'''

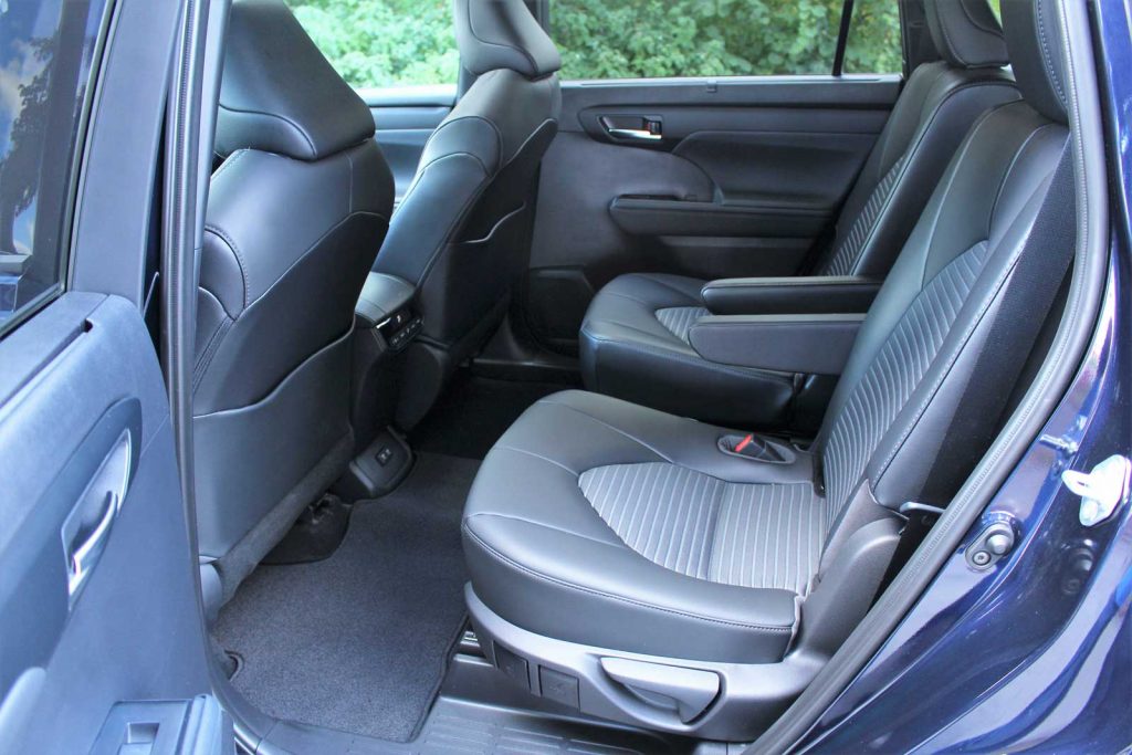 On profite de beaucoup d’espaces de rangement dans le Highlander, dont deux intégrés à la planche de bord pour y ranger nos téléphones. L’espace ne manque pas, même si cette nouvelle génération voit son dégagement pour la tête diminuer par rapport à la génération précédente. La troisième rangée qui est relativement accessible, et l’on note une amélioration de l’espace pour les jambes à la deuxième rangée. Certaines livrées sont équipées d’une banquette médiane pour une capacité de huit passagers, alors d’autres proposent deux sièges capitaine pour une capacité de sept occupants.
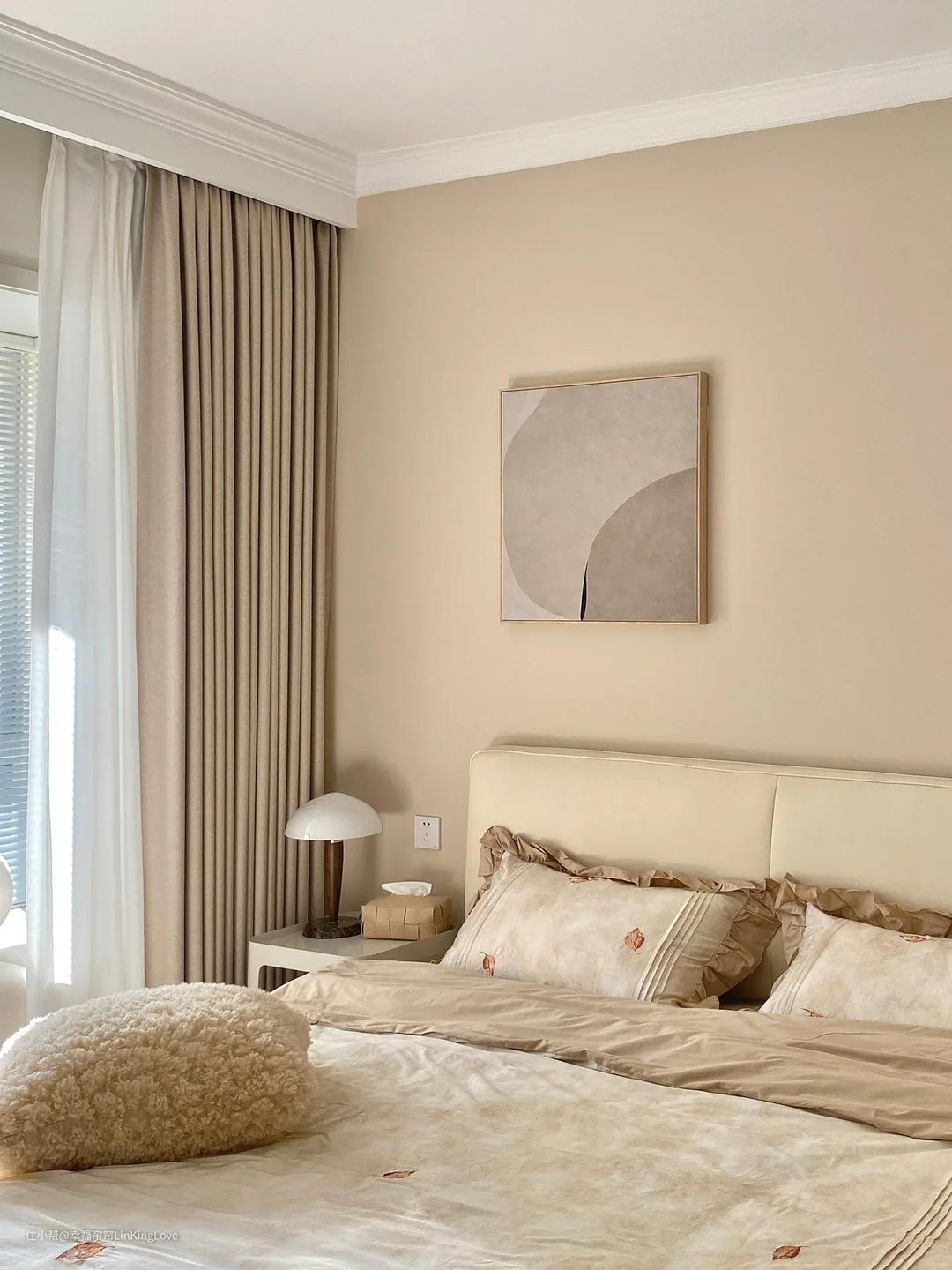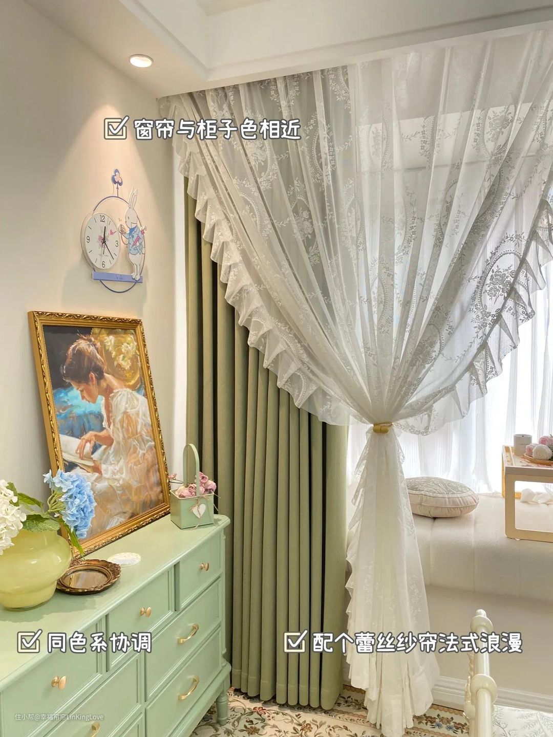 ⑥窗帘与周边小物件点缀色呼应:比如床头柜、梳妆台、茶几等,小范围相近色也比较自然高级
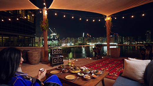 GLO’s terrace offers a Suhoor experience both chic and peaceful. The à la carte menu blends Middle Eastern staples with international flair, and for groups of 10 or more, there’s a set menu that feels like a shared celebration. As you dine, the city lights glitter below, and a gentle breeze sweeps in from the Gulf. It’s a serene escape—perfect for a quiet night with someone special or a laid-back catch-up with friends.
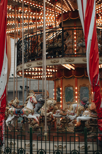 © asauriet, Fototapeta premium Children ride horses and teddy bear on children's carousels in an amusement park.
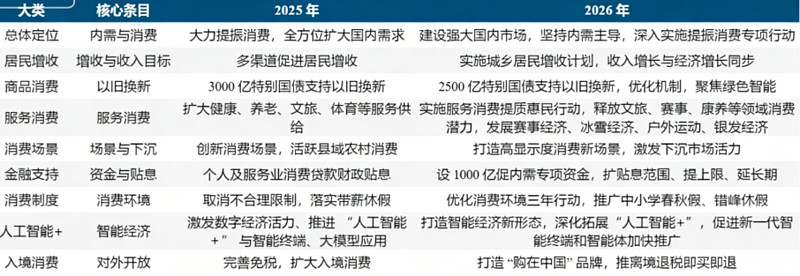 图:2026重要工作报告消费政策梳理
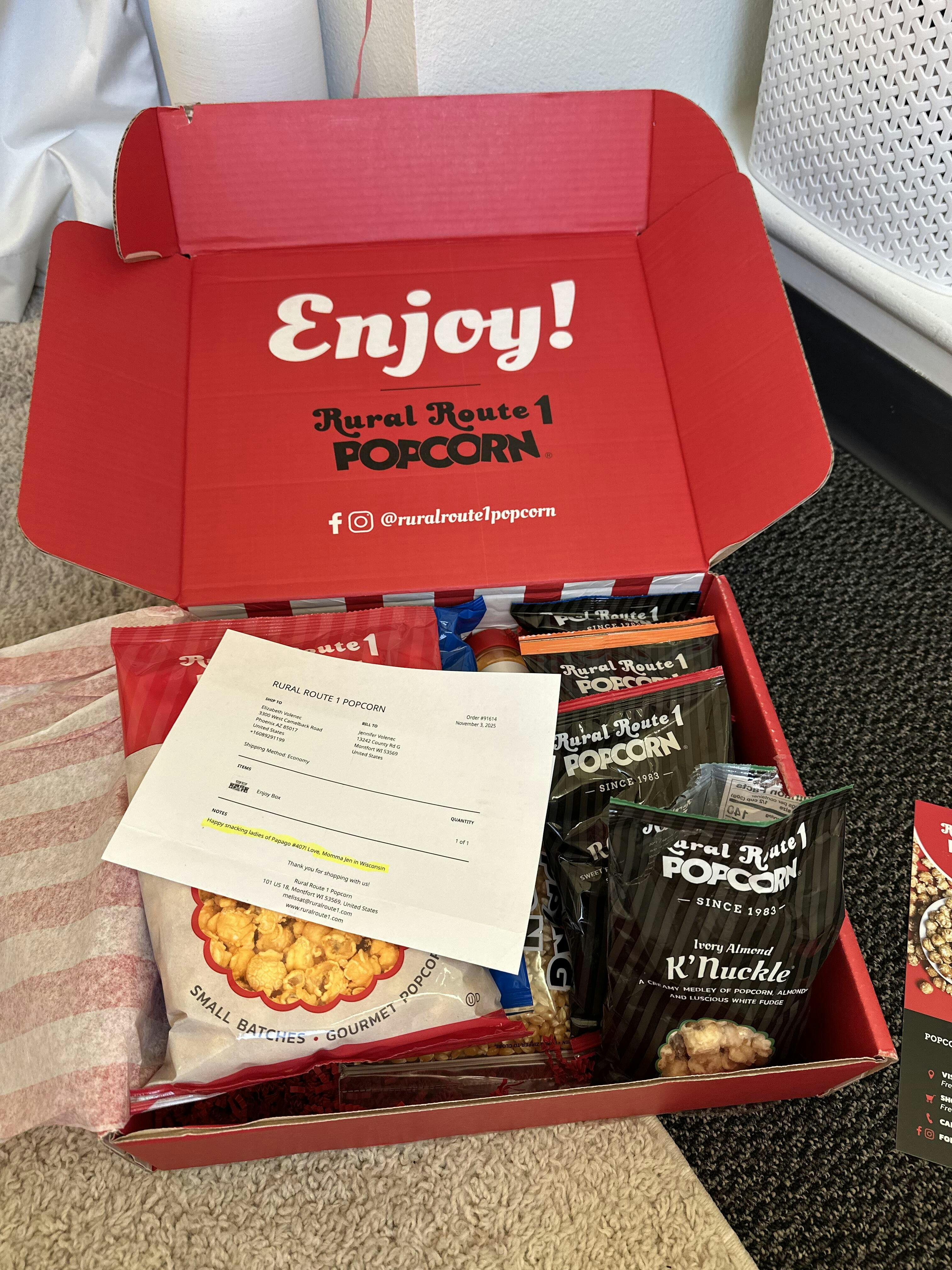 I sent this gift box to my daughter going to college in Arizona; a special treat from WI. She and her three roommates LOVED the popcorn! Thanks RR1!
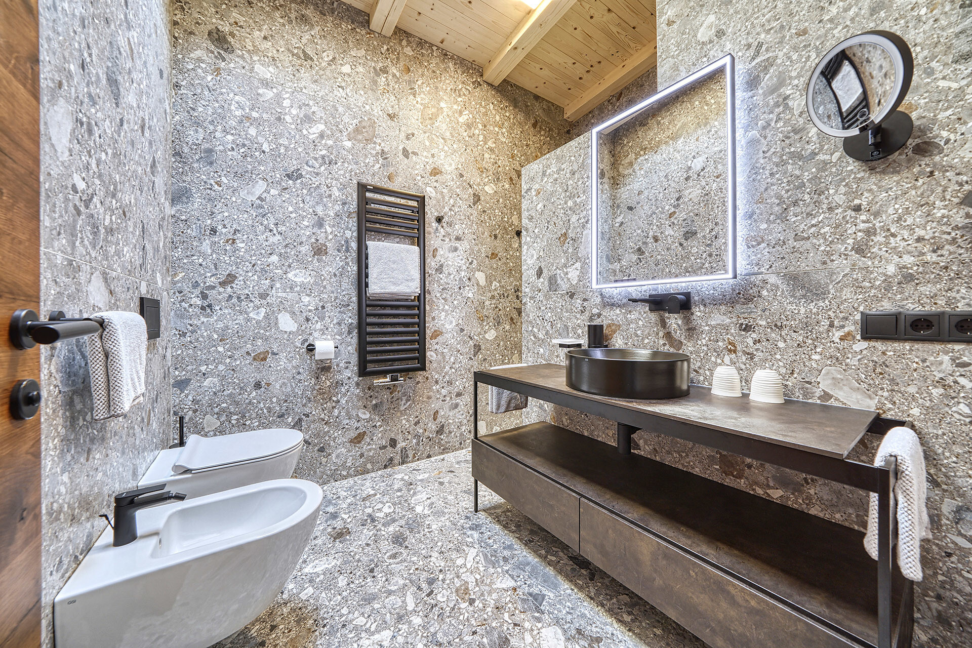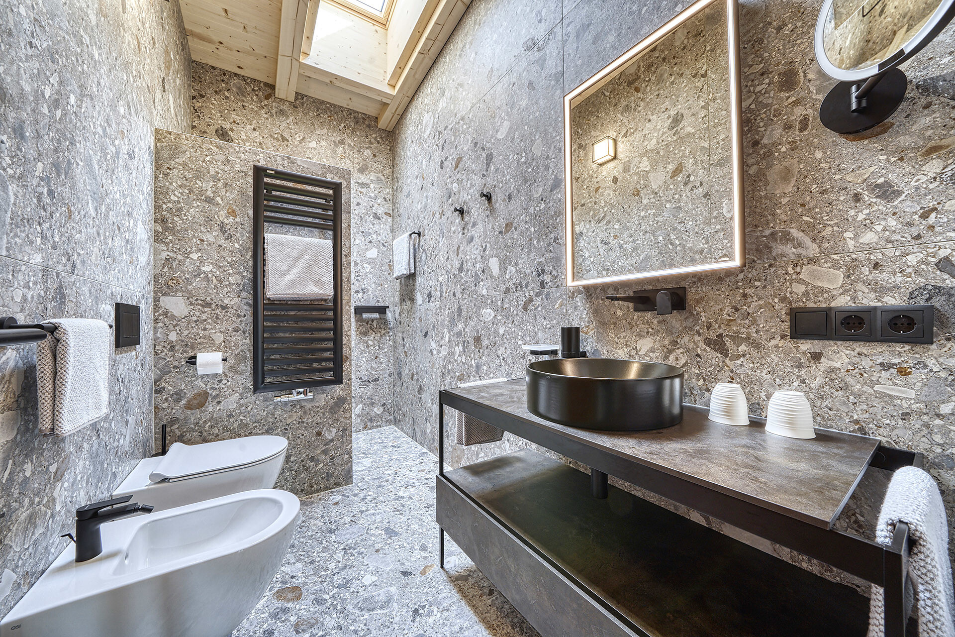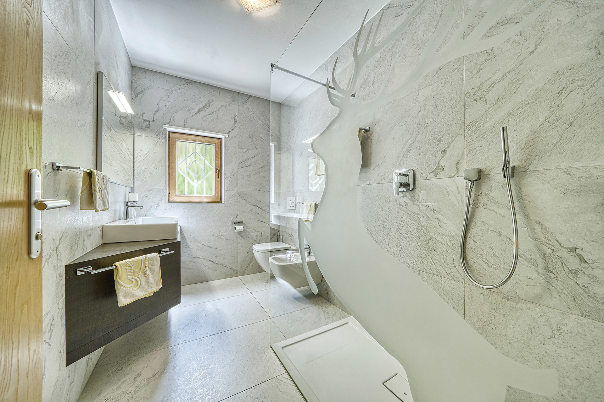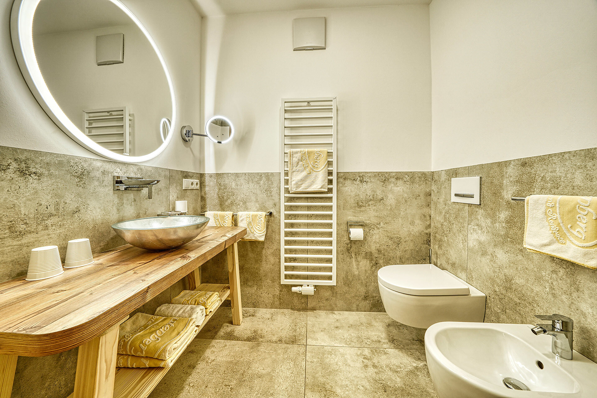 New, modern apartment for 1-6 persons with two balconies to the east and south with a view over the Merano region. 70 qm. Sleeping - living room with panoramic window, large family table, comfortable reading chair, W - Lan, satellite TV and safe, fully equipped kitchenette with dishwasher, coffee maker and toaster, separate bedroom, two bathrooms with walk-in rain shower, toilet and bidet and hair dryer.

'''

Directions: Please transcribe each entry exactly and exclude any image it contains.

Exercise result:
 On profite de beaucoup d’espaces de rangement dans le Highlander, dont deux intégrés à la planche de bord pour y ranger nos téléphones. L’espace ne manque pas, même si cette nouvelle génération voit son dégagement pour la tête diminuer par rapport à la génération précédente. La troisième rangée qui est relativement accessible, et l’on note une amélioration de l’espace pour les jambes à la deuxième rangée. Certaines livrées sont équipées d’une banquette médiane pour une capacité de huit passagers, alors d’autres proposent deux sièges capitaine pour une capacité de sept occupants.
 ⑥窗帘与周边小物件点缀色呼应:比如床头柜、梳妆台、茶几等,小范围相近色也比较自然高级
 GLO’s terrace offers a Suhoor experience both chic and peaceful. The à la carte menu blends Middle Eastern staples with international flair, and for groups of 10 or more, there’s a set menu that feels like a shared celebration. As you dine, the city lights glitter below, and a gentle breeze sweeps in from the Gulf. It’s a serene escape—perfect for a quiet night with someone special or a laid-back catch-up with friends.
 © asauriet, Fototapeta premium Children ride horses and teddy bear on children's carousels in an amusement park.
 图:2026重要工作报告消费政策梳理
 I sent this gift box to my daughter going to college in Arizona; a special treat from WI. She and her three roommates LOVED the popcorn! Thanks RR1!
 New, modern apartment for 1-6 persons with two balconies to the east and south with a view over the Merano region. 70 qm. Sleeping - living room with panoramic window, large family table, comfortable reading chair, W - Lan, satellite TV and safe, fully equipped kitchenette with dishwasher, coffee maker and toaster, separate bedroom, two bathrooms with walk-in rain shower, toilet and bidet and hair dryer.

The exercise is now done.